Do any begin to charge us with attaching to the words of H. Gear what he did not mean? We call on such to read his words which we have given verbatim. He says that while missionaries are endeavoring to draw souls to Christ, their work is identical with that of the Almighty Father, and “That while you are agonizing in spirit for the salvation of the lost, and seeking with all your heart to save them, you are sympathizing deeply with the blessed Redeemer, and laboring in happy union with him in the same glorious object.”

From this last quotation we see that the New School fraternity believe that the Almighty Father is endeavoring to draw souls to Christ, and the missionaries are engaged in identically the same work, so that God does no more, according to this doctrine, than the missionary does: both are endeavoring to draw souls to Christ. Can any person experimentally acquainted with the character of the God of Israel, believe that H. Gear, or the convention who have adopted his blasphemies, have any saving knowledge of the true God and eternal life? The Redeemer also is represented as agonizing and laboring with such co-partners as H. Gear for the accomplishment of the same object. The blessed Redeemer indeed agonized, once in the garden, sweat as it were drops of blood falling to the ground, and once upon the cross poured out his soul unto death; but he has risen and “Gone up with a shout and with the sound of a trumpet.” To represent that our Redeemer is now agonizing in conjunction with a set of arminian religion mongers, is as false as the place where the lie was coined, and base as the spirit by which it is asserted.

But we pass to notice the application made of this abominable theory to the missionary speculations of the present age.

“1. how great, &c., is the work of the ministry, especially that of the missionary.” The work of the gospel ministry made the apostle Paul feel himself to be less than the least of all the saints. The missionary enterprise makes those engaged in it feel themselves to be greater than the highest angel iii heaven, swells their hearts with pride to that degree, that they say in the language of their prototype, “I will ascend into heaven, I will exalt my throne above the stars of God, I will sit also upon the mount of the congregation in the sides of the north, I will ascend above the heights of the clouds, I will be like the Most High.” – Isa. xiv. 13, 14.

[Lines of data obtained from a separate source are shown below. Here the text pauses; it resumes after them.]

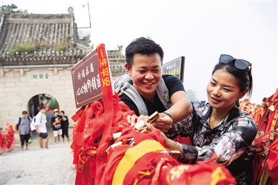 8月14日,来自广东省东莞市的一对夫妇在陕西省的西岳华山景区金锁关共同锁上连心锁。
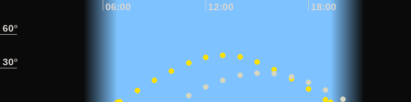 | Höchster Stand (Kulmination) | 15:20 Uhr (h=26.5°) |
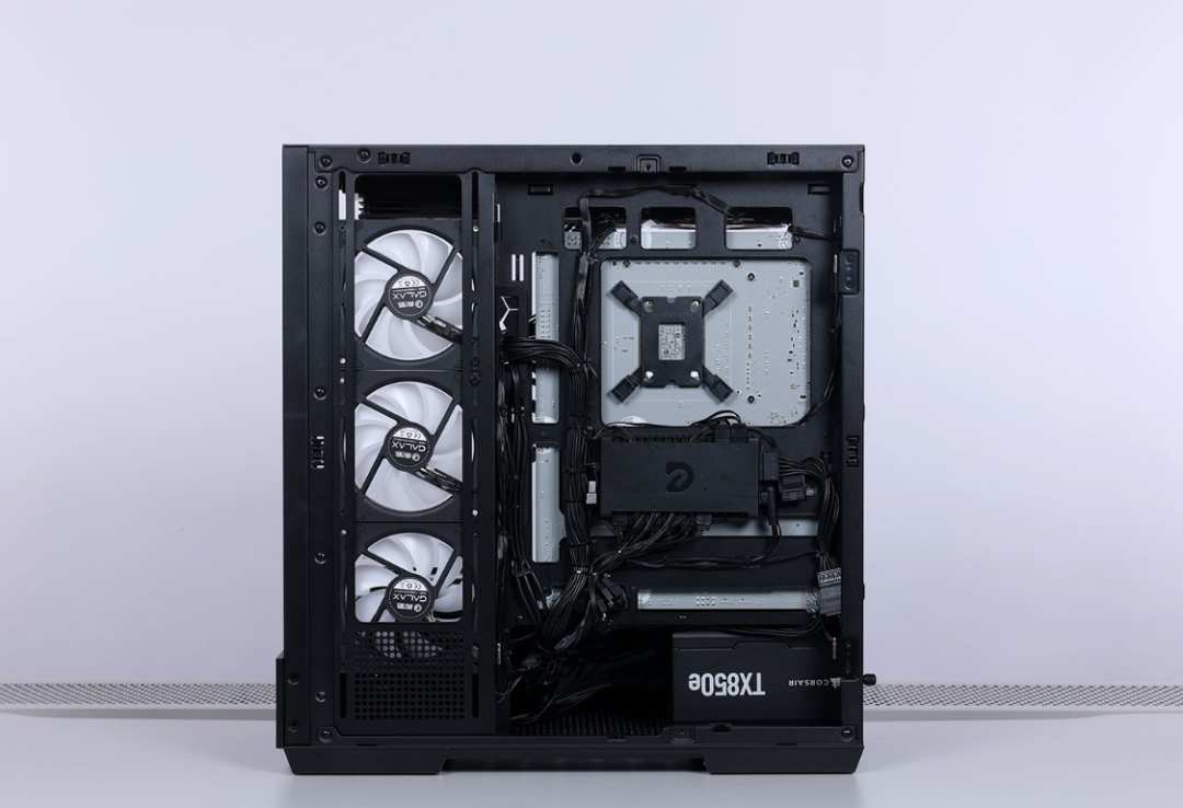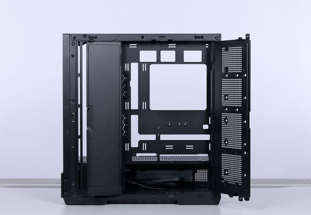 机箱背部理线空间充沛,同时还有大量扎带固定孔位以及翻门式挡线板,可以让玩家背线无忧。侧开门式的硬盘支架最多可同时安装2*3.5寸和2*2.5寸SATA硬盘,极大的提高了机箱背部空间你用效率,也降低了电源仓空间压力。最大可支持安装的电源长度在提升到了270mm,还能让电源仓中再加装1块3.5寸HDD硬盘。
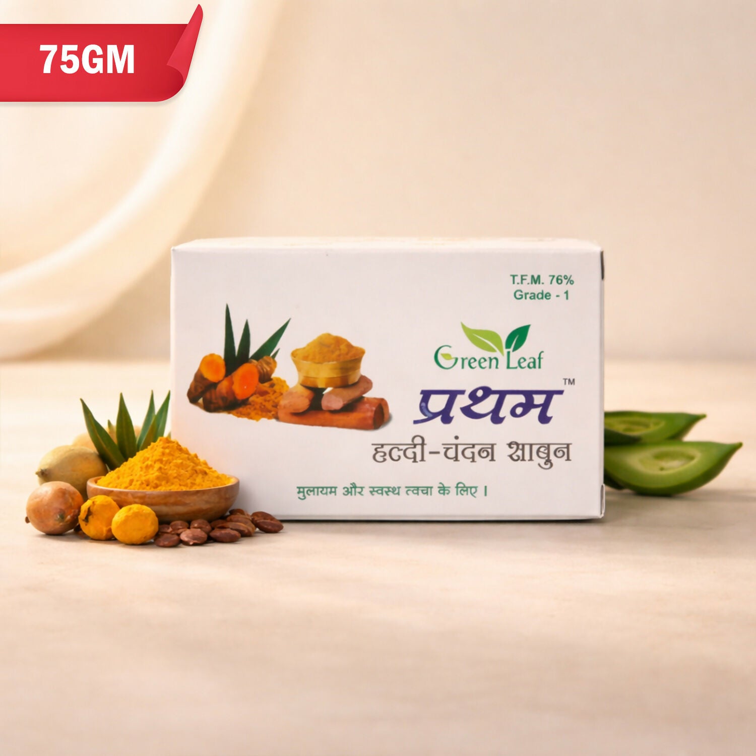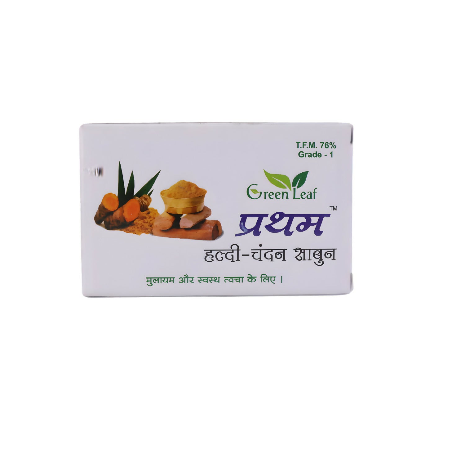 Green Leaf Prathem Turmeric Chandan Soap 75gm is enriched with the traditional goodness of Haldi (Turmeric) and Chandan (Sandalwood) to support healthy and refreshed skin. Formulated with high TFM Grade-1 quality, it helps cleanse effectively while maintaining natural moisture balance. Turmeric is known for its skin-purifying properties, while sandalwood helps soothe and enhance skin glow. The rich lather removes dirt and excess oil without leaving the skin dry. Suitable for daily bathing, it keeps your skin soft, smooth, and revitalized.
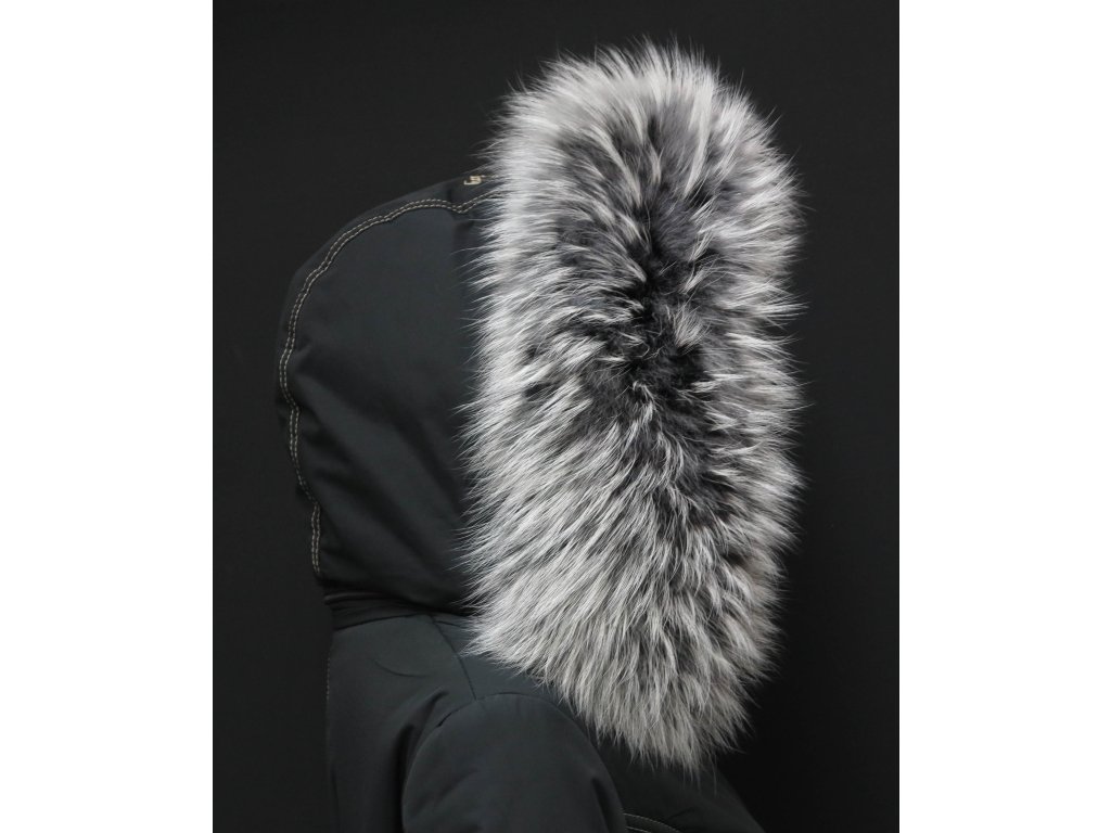 Na výrobu kožušinových lemov používame pravú kožušinu z fínskeho mývalovca Saga Royal – to znamená certifikovanú a vždy tú najlepšiu kvalitu kožušiny, ktorá sa vyznačuje maximálnou hustotou (bohatosťou) a dlhým vlasom.
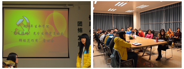 2014年11月17日晚7點,生命學院共學會在5號樓712會議室舉辦2014生命學院“黨員榜樣 充分發揮黨員先鋒模范作用”座談會。此次活動旨在激勵各入黨積極分子向優秀黨員學習,樹立榜樣,并在生活中起到先鋒模范作用。生命學院11級優秀本科生黨員張行健、董一名應邀出席此次座談會。座談會由生命學院輔導員李恒月主持。
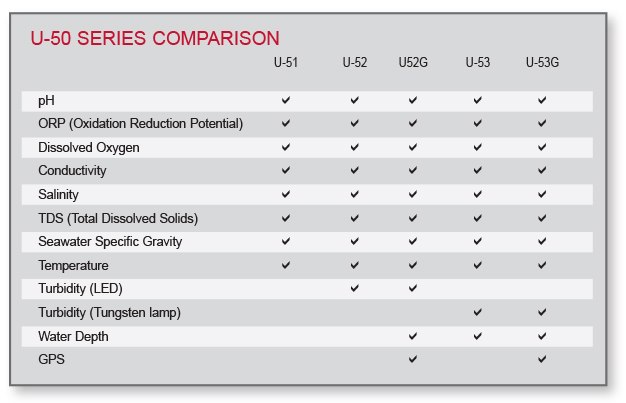 Simultaneously monitor, collect, and store up to 11 water quality parameters with these high-performance meters. Simultaneously monitor, collect, and store up to 11 water quality parameters with these high-performance meters. Measured parameters include pH, ORP, dissolved oxygen, salinity, TDS, seawater specific gravity, temperature, turbidity, and water depth. The waterproof control unit is designed to be both rugged and easy to operate, making it a perfect match for fieldwork - ideal for sampling rivers, groundwater, wells, lakes, runoff / drainage, and a myriad of other ecological and agricultural applications. Refer to the chart below to help decide which model best fits your needs.
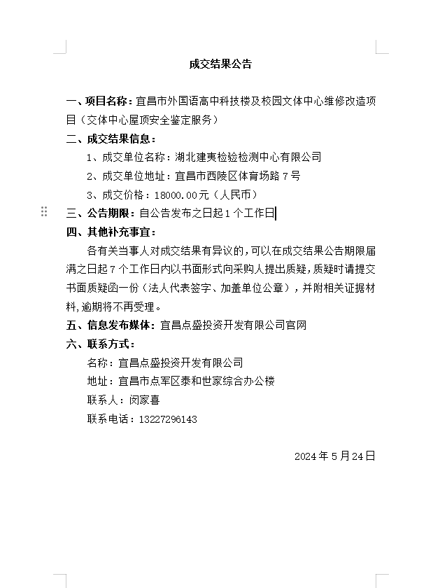 宜昌市外國(guó)語(yǔ)高中科技樓及校園文體中心維修改造項(xiàng)目(交體中心屋頂安全鑒定服務(wù))成交公告
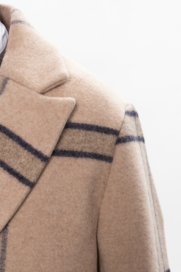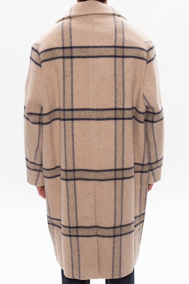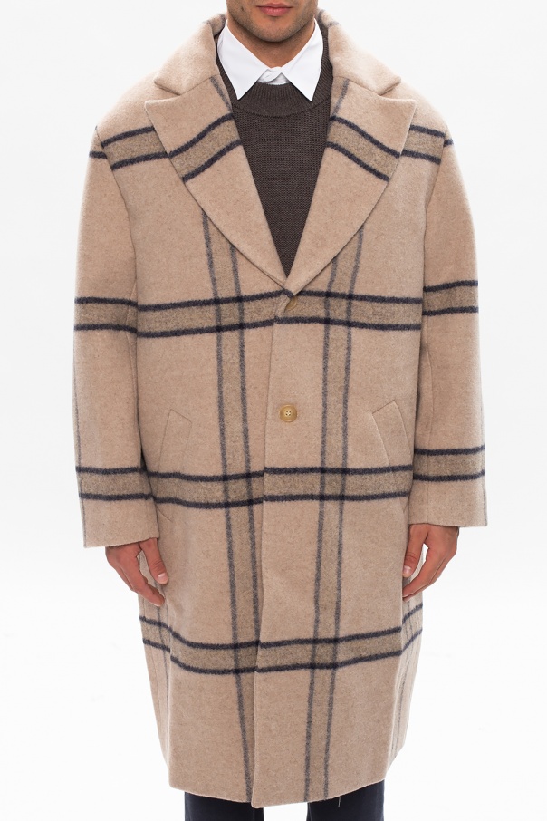 Beige ‘Le Manteau’ coat from Jacquemus. Crafted from wool, this garment features button fastening, check pattern and two slip pockets.
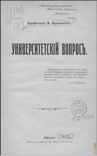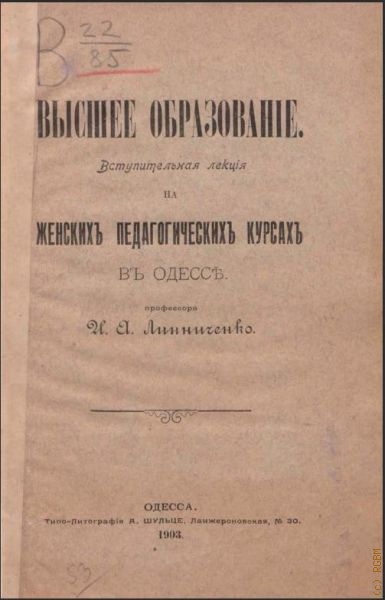 Линниченко И.А., Высшее образование. вступительная лекция на жен. пед. курсах в Одессе — 1903
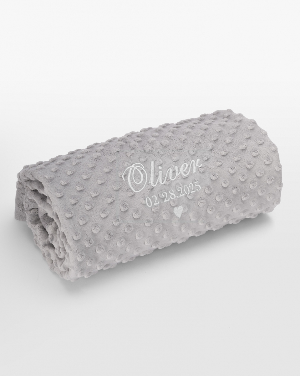 Et mykt og klassisk babyteppe i grått, brodert med barnets navn og fødselsdato. Dette teppet er omhyggelig designet for å gi barnet både varme og trygghet, uansett om det brukes i sprinkelsengen, vognen eller til koselige stunder i armene. Det myke materialet er skånsomt mot barnets sensitive hud og blir raskt en favoritt å kose med.

“2. how careful should we be in the selection of persons to fill the ministerial and missionary offices.” By this inference by Mr. Gear, drawn from premises in his sermon, the whole prerogative of selecting persons for the ministerial and missionary offices is claimed. He gives us not one single hint that the God of heaven has anything whatever to do in the matter of choosing whomsoever he will for the work. By this assumption of the divine prerogative, we are probably to understand that those wonderful partners in the firm which dwell on the earth are to regulate all the affairs of the church on earth. How modest this claim! We should be careful in selecting! If H. Gear and his colleagues can prove to us that they are in reality as they profess, co-partners with the persons in the Godhead, then we have nothing to say in reply to their assumption of the power aid government of God; but as we are among those who dispute their equality with the eternal God, we deny their right to interfere in the business of selecting persons for the ministry of the gospel. As the modern missionary Baptists now publicly claim to be vested with authority to select the persons to fill the ministerial offices, what have we to expect from them should they attain to the secular power of our country? When they shall mature their plans, and bring the legislative councils of our states to sanction their claims to be in partnership with time Almighty God, and that they have the right to select or reject whom they please, may we not reasonably look for the re-establishment of inquisitions, dungeons, flames and faggots to enforce their decisions?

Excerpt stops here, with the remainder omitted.